I am new to Python and I am facing problem in creating the Dataframe in the format of key and value i.e.
data = [{'key':'\[GlobalProgramSizeInThousands\]','value':'1000'},]
Here is my code:
columnsss = ['key','value'];
query = "select * from bparst_tags where tag_type = 1 ";
result = database.cursor(db.cursors.DictCursor);
result.execute(query);
result_set = result.fetchall();
data = "[";
for row in result_set:
`row["tag_expression"]`)
data += "{'value': %s , 'key': %s }," % ( `row["tag_expression"]`, `row["tag_name"]` )
data += "]" ;
df = DataFrame(data , columns=columnsss);
But when I pass the data in DataFrame it shows me
pandas.core.common.PandasError: DataFrame constructor not properly called!
while if I print the data and assign the same value to data variable then it works.
You are providing a string representation of a dict to the DataFrame constructor, and not a dict itself.
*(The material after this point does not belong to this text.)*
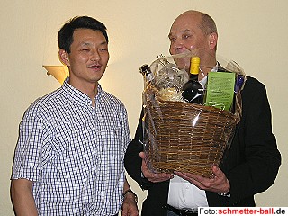 Abschied von Ang in 2 Etappen 19.04.06 Wie es sich gehört, wurde Li Ang von der Abteilung und ihren maßgeblichen Leuten gebührend verabschiedet. Die große Runde, die sich am letzten Spieltag versammelt hatte, bot einen würdigen Rahmen für die Überreichung eines Abschiedsgeschenks durch den Abteilungsleiter, der Ang auch den Dank der Abteilung für alles, was dieser in den letzten 8 Jahren für uns geleistet hat, übermittelte. Am Gründonnerstag machte sich dann eine siebenköpfige Oberpleiser Delegation auf nach Düsseldorf, Angs Wahlheimat. Zusammen suchte man zunächst ein chinesisches Lokal auf, das Ang ausgesucht hatte (ein 'richtiger' Chinese, kein Chinese für Deutsche, wie Ang betonte) und traute sich auch an traditionelle chinesische Speisen, die man sonst nicht ohne weiteres bekommt. Fasziniert lauschte man Angs Erzählungen aus der großen Badminton-Welt, so der Geschichte, wie er zusammen mit dem Headcoach des chinesischen Nationalteams, Li Yongbo, am Finaltag der German Open bis 16:00 Uhr im Wirtshaus hockte (Spielbeginn der Endspiele war um 12:00 Uhr), aber die ersten 4 Spiele waren Spiele von Chinesen gegen Chinesen, und was sollte der Headcoach da schon sehen, was er nicht schon längst wusste? Die letzten Stunden des Zusammenseins verbrachten Ang und die Oberpleiser dann in einem privaten chinesischen Club, in dem Ang seiner zweiten Leidenschaft, dem Karaoke-Singen frönen konnte (und als einziger Sänger des Abends rauschenden Beifall bekam). Die Oberpleiser, zum Mitmachen aufgerufen, trauten sich zwar, gaben aber wohl eine so jämmerliche Vorstellung ab, dass die übrigen Gäste fluchtartig den Club verließen. Immerhin war die Oberpleiser Delegation froh zu hören, dass Ang sich in Oberpleis wohlgefühlt hat und dass er in seiner ganzen Karriere nirgendwo so viel Spaß gehabt hat, wie auf unseren Feiern. Er versprach, dass er, wenn er einmal sein Geld nicht mehr mit Badminton verdienen muss, gerne wieder nach Oberpleis zurückkommen wird (vermutlich ist er dann 65 und wäre natürlich immer noch unsere Nummer 1). Auf Wiedersehen, Li Ang! | |||||||||||||||||||||||||||||||||||||||||||||||||||||||||||||||||||||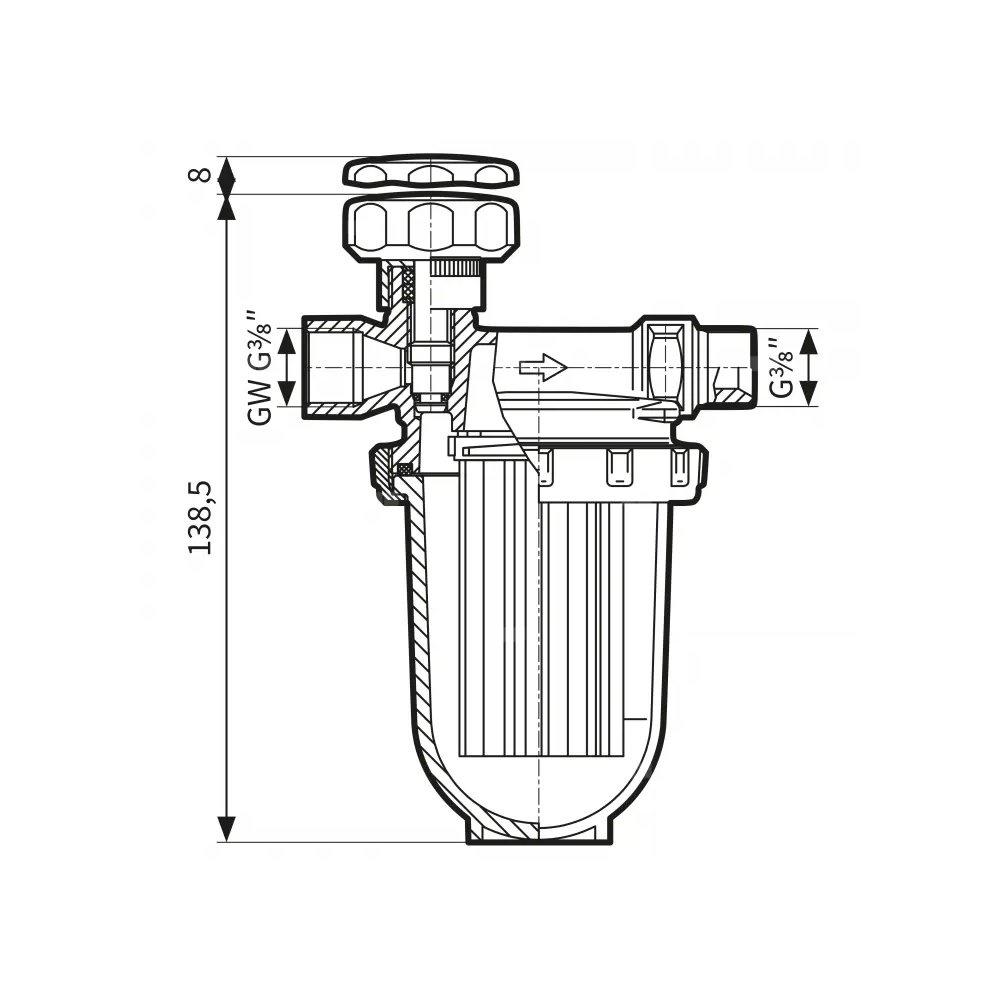 Filtr olejowy AFRISO V500Stjednorurowy fi 3/8''/3/8'' GW x GZ, z wkładem stalowym, maks. przepływ 320 l/h

So this is the reason you get that error.
So if you want to use your code, you could do:
df = DataFrame(eval(data))
But better would be to not create the string in the first place, but directly putting it in a dict. Something roughly like:
data = []
for row in result_set:
data.append({'value': row["tag_expression"], 'key': row["tag_name"]})
But probably even this is not needed, as depending on what is exactly in your result_set you could probably:
provide this directly to a DataFrame: DataFrame(result_set)
or use the pandas read_sql_query function to do this for you (see docs on this)
Just ran into the same error, but the above answer could not help me.
My code worked fine on my computer which was like this:
test_dict = {'x': '123', 'y': '456', 'z': '456'}
df=pd.DataFrame(test_dict.items(),columns=['col1','col2'])
However, it did not work on another platform. It gave me the same error as mentioned in the original question. I tried below code by simply adding the list() around the dictionary items, and it worked smoothly after:
df=pd.DataFrame(list(test_dict.items()),columns=['col1','col2'])
Hopefully, this answer can help whoever ran into a similar situation like me.
import json
# Opening JSON file
f = open('data.json')
# returns JSON object as
# a dictionary
data1 = json.load(f)
#converting it into dataframe
df = pd.read_json(data1, orient ='index')